1. Leak scan — any secrets found in source/IaC/images/history (redacted), with file:line.
2. Storage — which secret manager is used and what is still stored outside it.
3. Injection — runtime vs build-time injection path per secret consumer.
4. Kubernetes — plaintext Secrets vs sealed/external secrets status.
5. Rotation — rotation policy (or its absence) per secret.
6. Access — least-privilege review of secret-read policies.
7. Config separation — secrets vs non-secret config mixing.
8. Findings table + next safe action — file:line | issue | severity | fix, then the top remediation.

Safety

• This is a review and design skill. NEVER print, echo, or log a real secret value; always redact to ****. Use scanner --redact flags and read only secret metadata, never the value, unless a human explicitly requests it.

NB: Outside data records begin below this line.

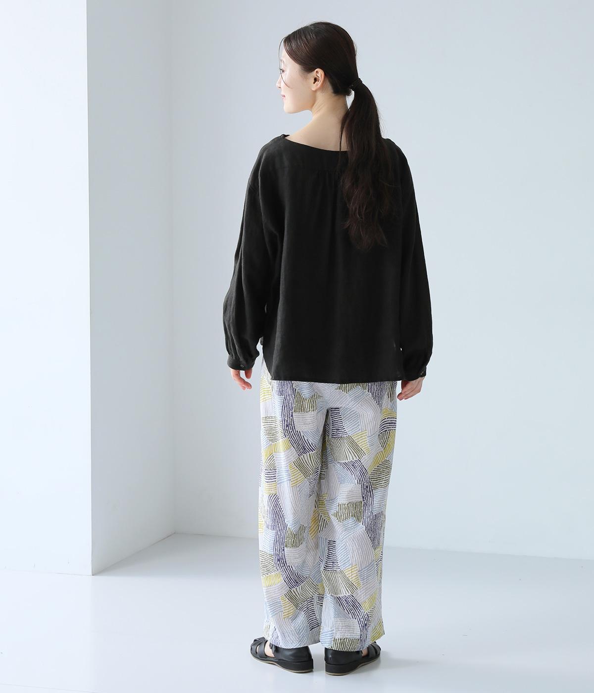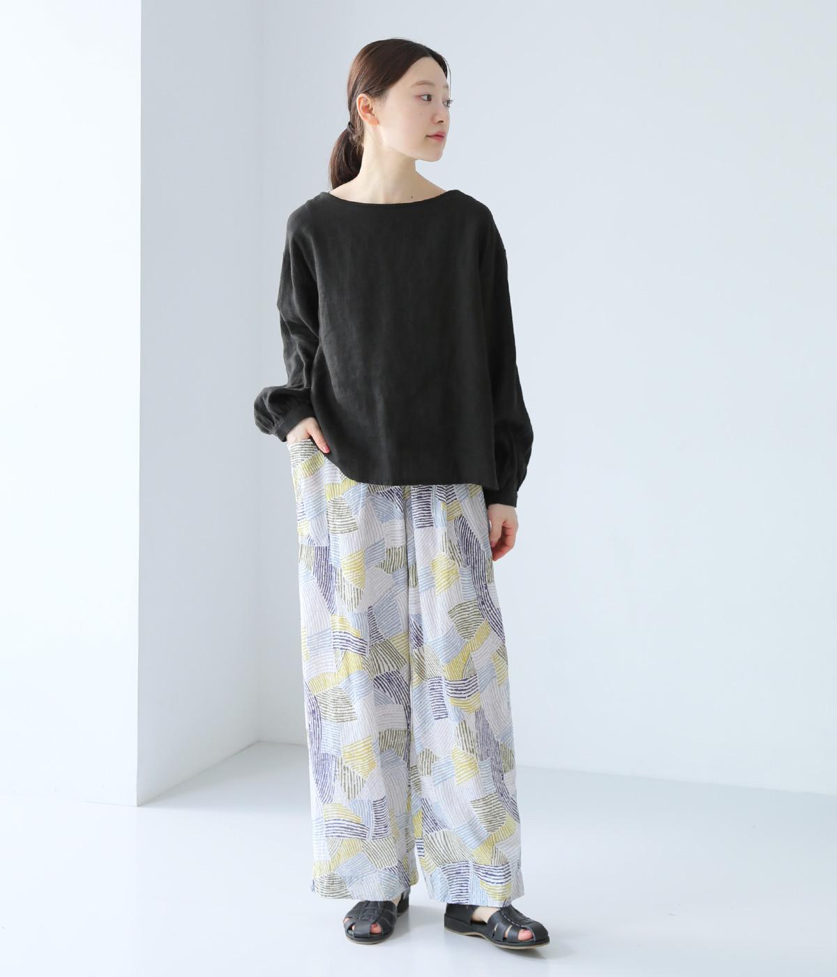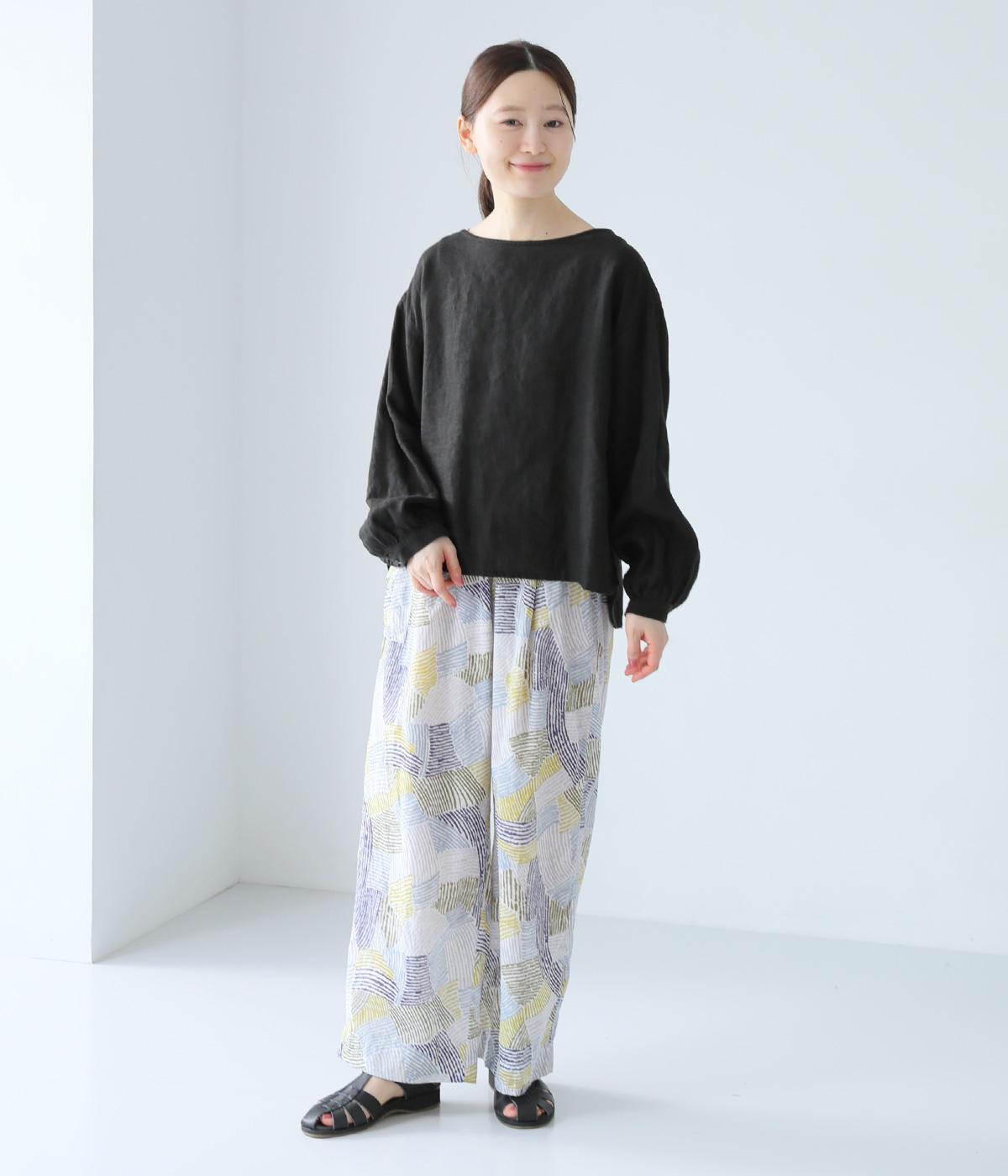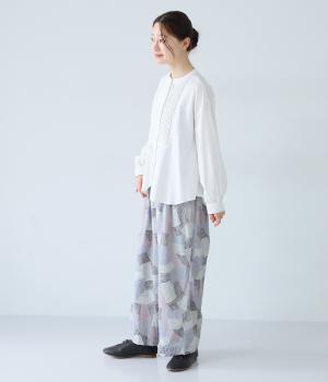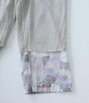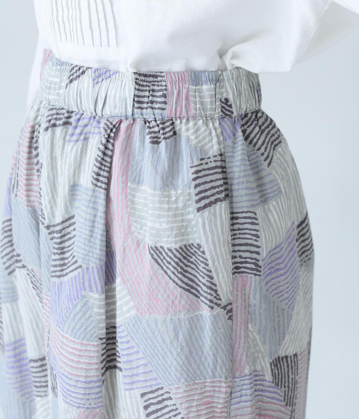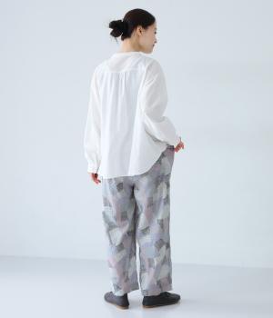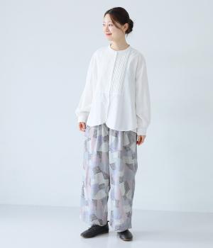 ナチュラルなスタイルにマッチする、ニュアンスカラーの幾何学柄がポイント。腰まわりから裾までゆとりを持たせたリラクシーなシルエットに仕上げています。右サイドには立体感のあるポケットを配してアクセントに。ウエストは総ゴム仕様、内紐つきです。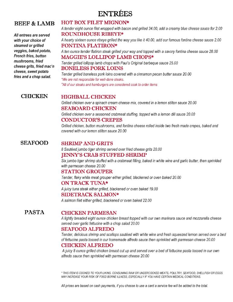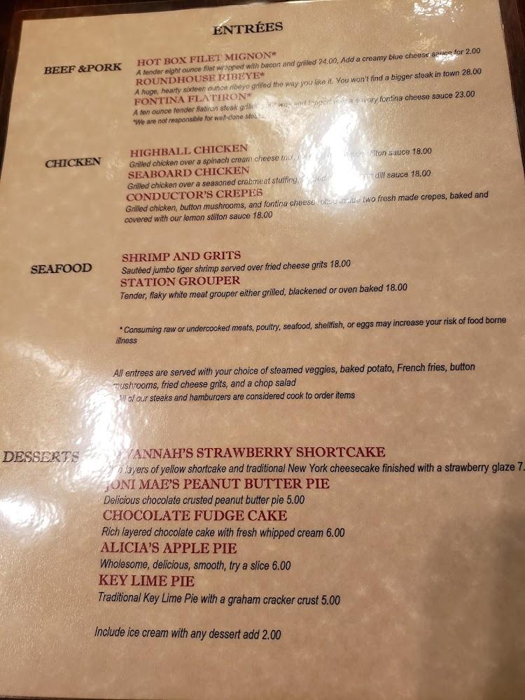 The Station features a diverse menu, reflecting American cuisine with a Southern twist. Signature items include the Roundhouse Ribeye, fresh seafood dishes, and hearty pasta selections. Each dish highlights the quality of locally sourced ingredients.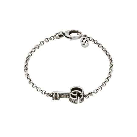 Raffinato bracciale Gucci in argento 925 con chiave a forma di Doppia G e finitura anticata, misura 17 cm. Design elaborato che combina richiami classici e contemporanei.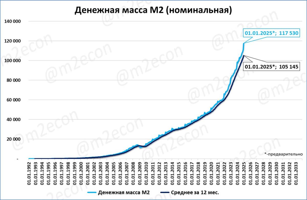 Денежная масса на 1 января 2025 года выросла до 117,5 трлн руб. и установила рекорд.

• NEVER create, overwrite, rotate, or delete secrets in a live manager (aws secretsmanager put/delete, vault write, kubectl create secret) without explicit human approval.
• Treat any secret found in source or git history as compromised — flag it for immediate rotation and removal from history; do not assume removing the file is sufficient.
• Do not commit any file containing a real secret; do not move secrets between systems without approval.
• Recommend rotation and least-privilege scoping; do not apply IAM/policy changes to a live account unattended.
• Do not disable audit logging on a secret manager.